_What is being asked:_ If pictures appear in the lines below, skip them and copy exactly the lines from the one containing "Suzuki Jimny racing" through the one containing "The comparisons of", and nothing else.

_Exercise data:_
——

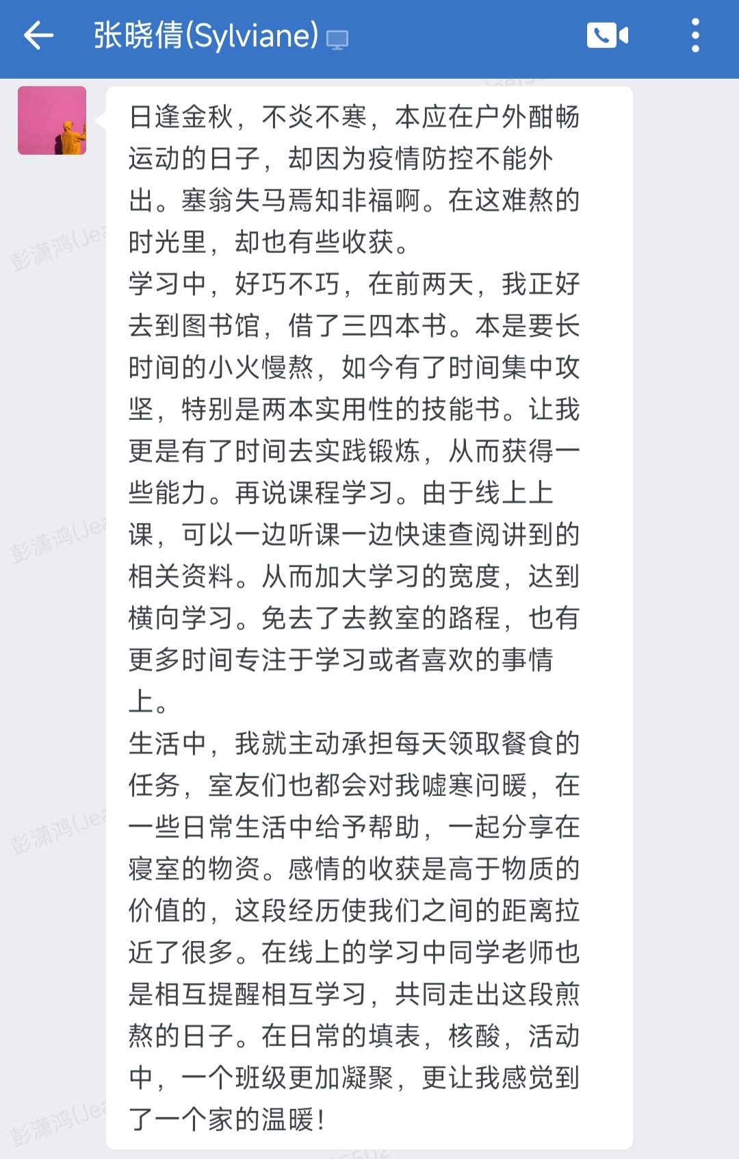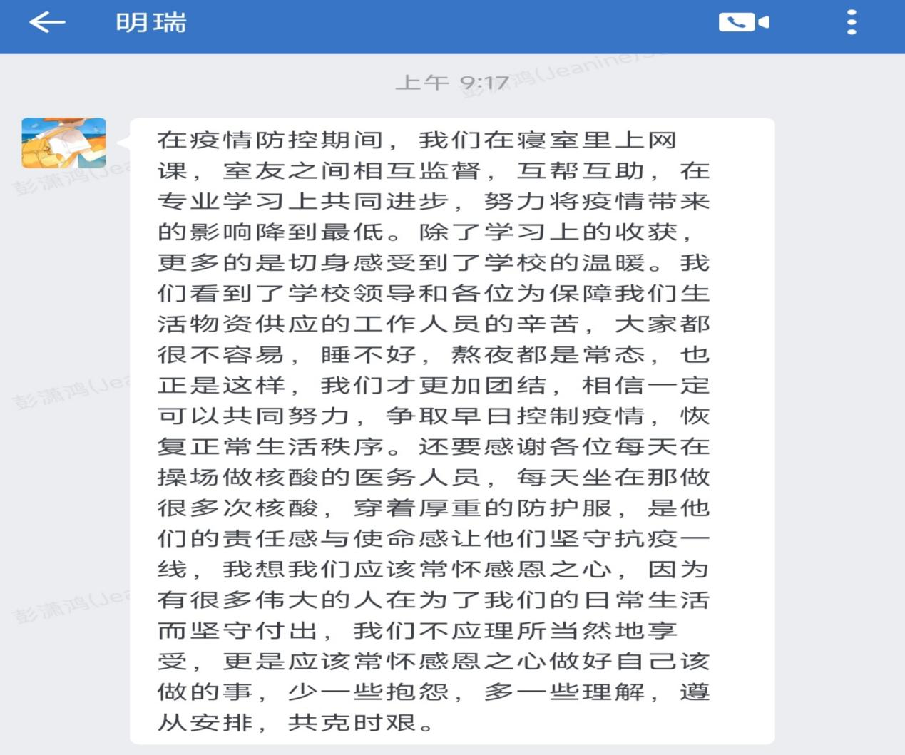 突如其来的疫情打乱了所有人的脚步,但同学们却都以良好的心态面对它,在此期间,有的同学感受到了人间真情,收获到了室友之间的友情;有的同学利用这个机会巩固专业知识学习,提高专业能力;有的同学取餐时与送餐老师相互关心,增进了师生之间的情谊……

——

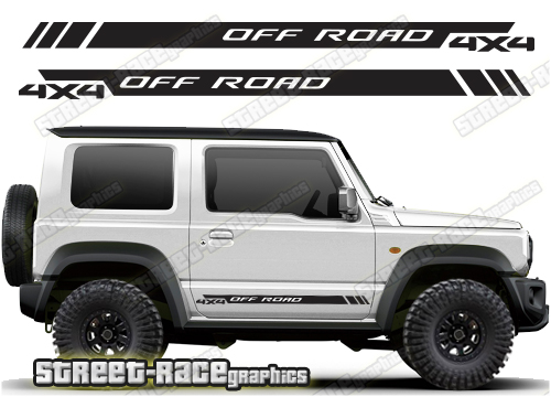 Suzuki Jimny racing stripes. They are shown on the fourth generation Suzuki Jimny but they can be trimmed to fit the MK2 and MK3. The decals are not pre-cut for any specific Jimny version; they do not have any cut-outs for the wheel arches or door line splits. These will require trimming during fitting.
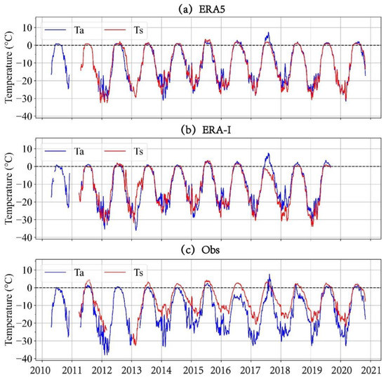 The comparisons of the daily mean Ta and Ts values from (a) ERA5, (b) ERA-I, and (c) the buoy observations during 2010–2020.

——

_Response to this exercise:_
 Suzuki Jimny racing stripes. They are shown on the fourth generation Suzuki Jimny but they can be trimmed to fit the MK2 and MK3. The decals are not pre-cut for any specific Jimny version; they do not have any cut-outs for the wheel arches or door line splits. These will require trimming during fitting.
 The comparisons of the daily mean Ta and Ts values from (a) ERA5, (b) ERA-I, and (c) the buoy observations during 2010–2020.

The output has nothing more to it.